Having the Cleveland Browns win is great, but improvement from Johnny Manziel is more important.
The Cleveland Browns got back in the win column on Sunday, which made Monday morning at work far more bearable for Browns fans. Winning is never bad and the Browns did a lot of positive things in their 24-10 win over the San Francisco 49ers on Sunday.
However, many Browns fans are overreacting to their team’s first win in two months. As usual, much of that overreaction stems from hot takes about the quarterback position.
Quarterback Johnny Manziel played well, completing nearly 68 percent of his passes on the way to 270 yards passing with one touchdown and one interception. After the game, Browns head coach Mike Pettine was complimentary of his assessment of Manziel’s play.
Pettine is right. Manziel did a fantastic job mixing traditional quarterback play with his uncanny ability to extend the play when the play breaks down. Manziel has graduated from relying on his ability to extend plays to utilizing that ability strategically.
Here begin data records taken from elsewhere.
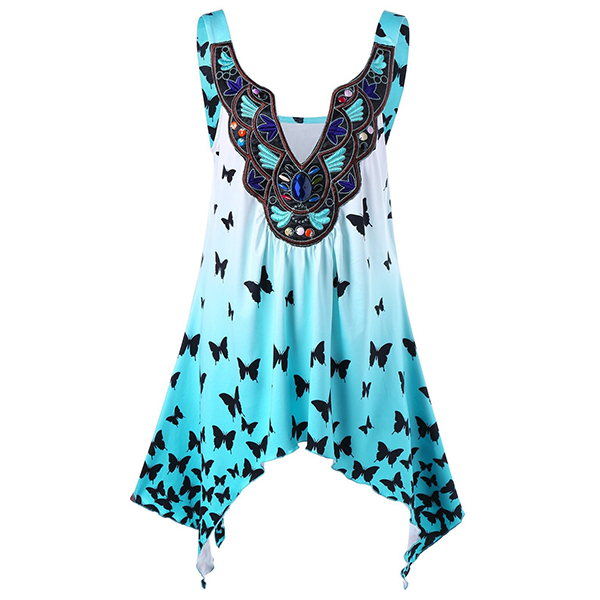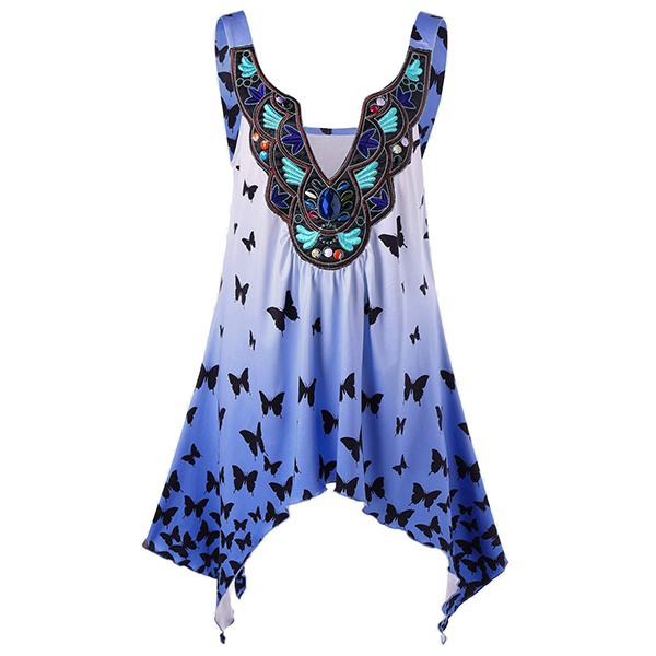 You would be like a beautiful butterfly once you slip into this sleeveless dress. Its vivid butterfly printed pattern design makes
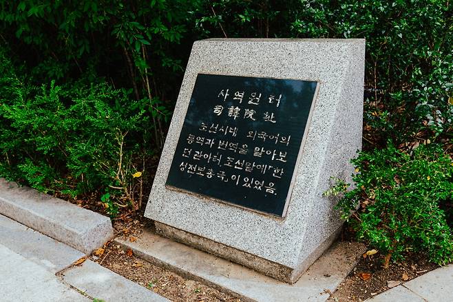 사역원 터 표석은 조선시대 당시 중국어, 일본어, 몽고어, 여진어 등 통역과 번역을 맡아보던 관청인 '사역원'의 자리를 기념한다. 조선말, 이 자리에는 '한성전보총국'이 들어섰다. 창학 터에서 도보 5분 거리에 표석이 자리한다.
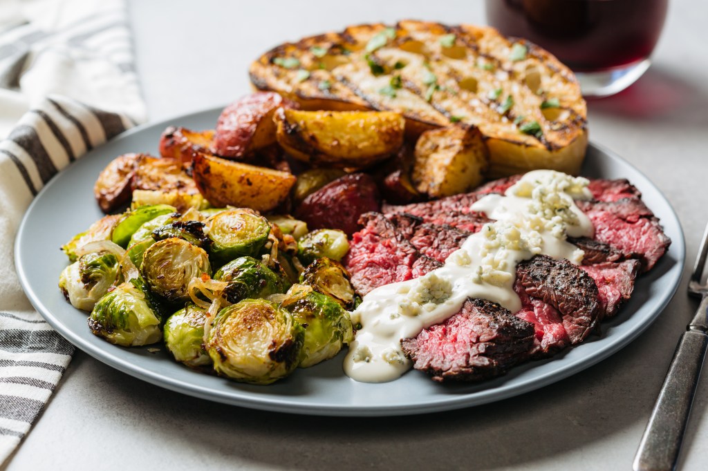 - Blue Cheese Grass-Fed Steak Plate: grilled signature grass-fed steak, medium rare, topped with housemade blue cheese sauce;
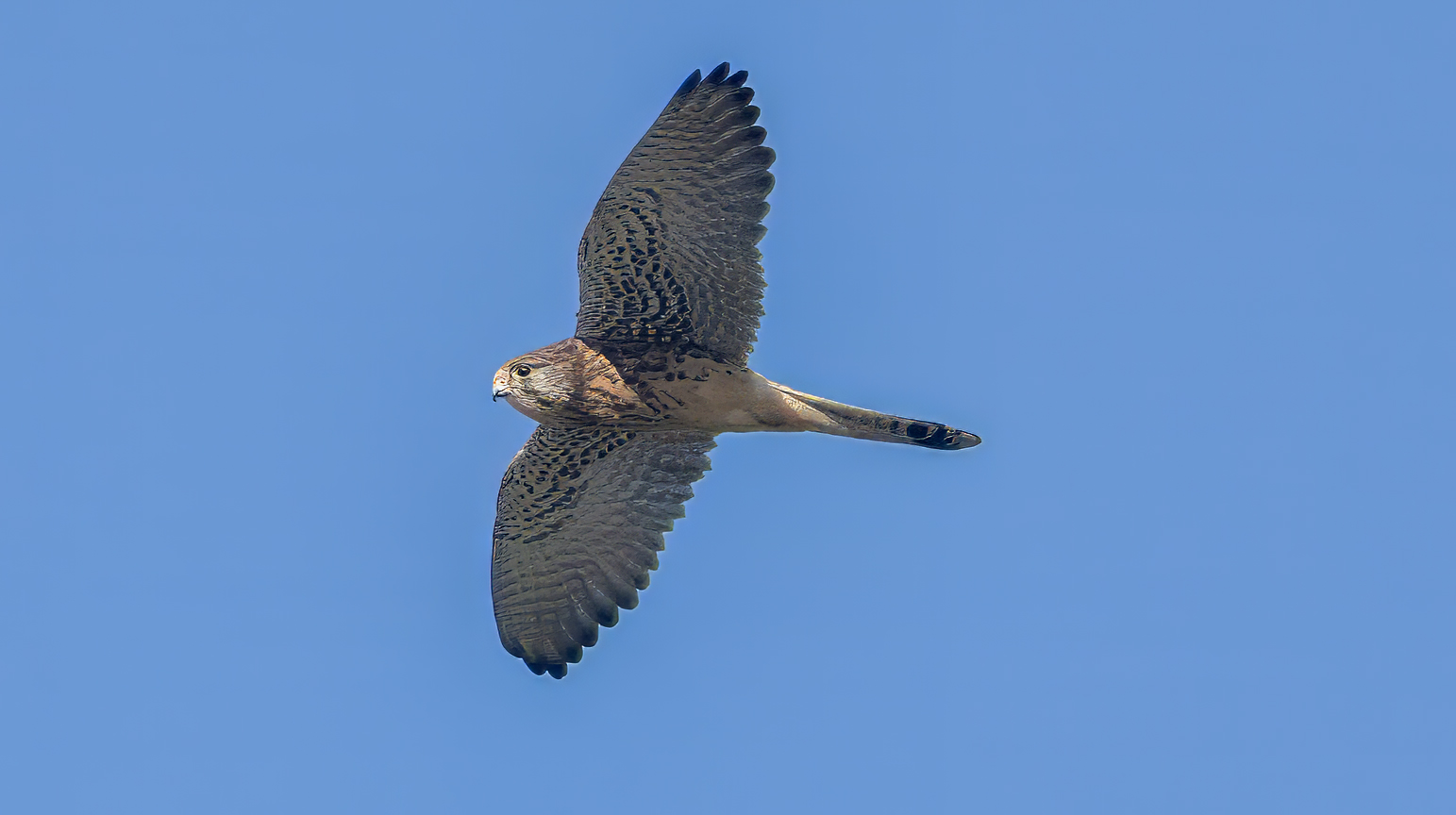 今天天氣晴朗,運氣特別好。一隻紅隼從頭頂約20公尺處掠過,我立刻舉起Sony A1按下快門,清晰捕捉這瞬間的震撼。A1的追焦與對焦能力極強,即使目標高速移動,也能迅速鎖定,成功率遠超我以往使用的A74與A7R5...
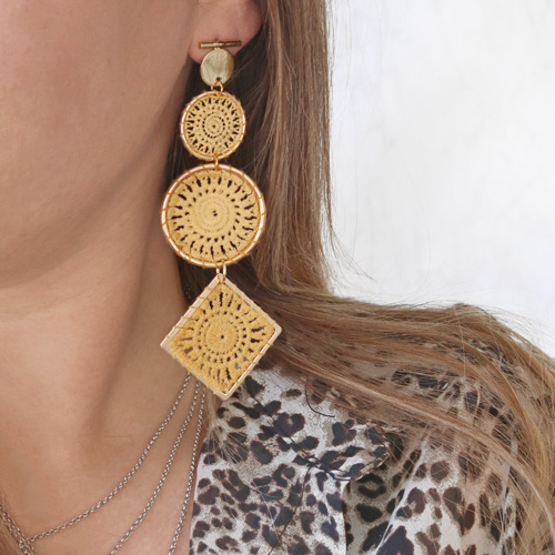 Ces boucles d’oreilles en style soutache sont un vrai must have ce printemps/été 2019. Avec les nouveaux pendentifs au crochet et les pendentifs en rotin vous pouvez les faire vous-même. Raccordez ces pendentifs aux puces d’oreilles ou aux crochets d’oreilles et le tour est joué ! Les pendentifs au crochet se laissent également bien combiner avec nos pendentifs en résine. Collez un petit pendentif en résine sur un de nos clous d’oreilles, raccordez-y un pendentif au crochet et vous aurez combiné deux styles en un bijou !

He proved to be on the same page with tight end Gary Barnidge, who recently signed a contract extension, multiple times throughout the game. Perhaps one of the plays that showed the chemistry between Manziel and Barnidge was one of the least flashy: in the face of an all-out blitz, Manziel and Barnidge connected on a hot route for seven yards midway through the second quarter.
Barnidge, too was complimentary of Manziel:
Despite Manziel’s shortcomings, he clearly still has the trust of the locker room. Barnidge’s comments and willingness to re-sign with the team are evidence that there may be more positives with this Browns team than many are willing to let on.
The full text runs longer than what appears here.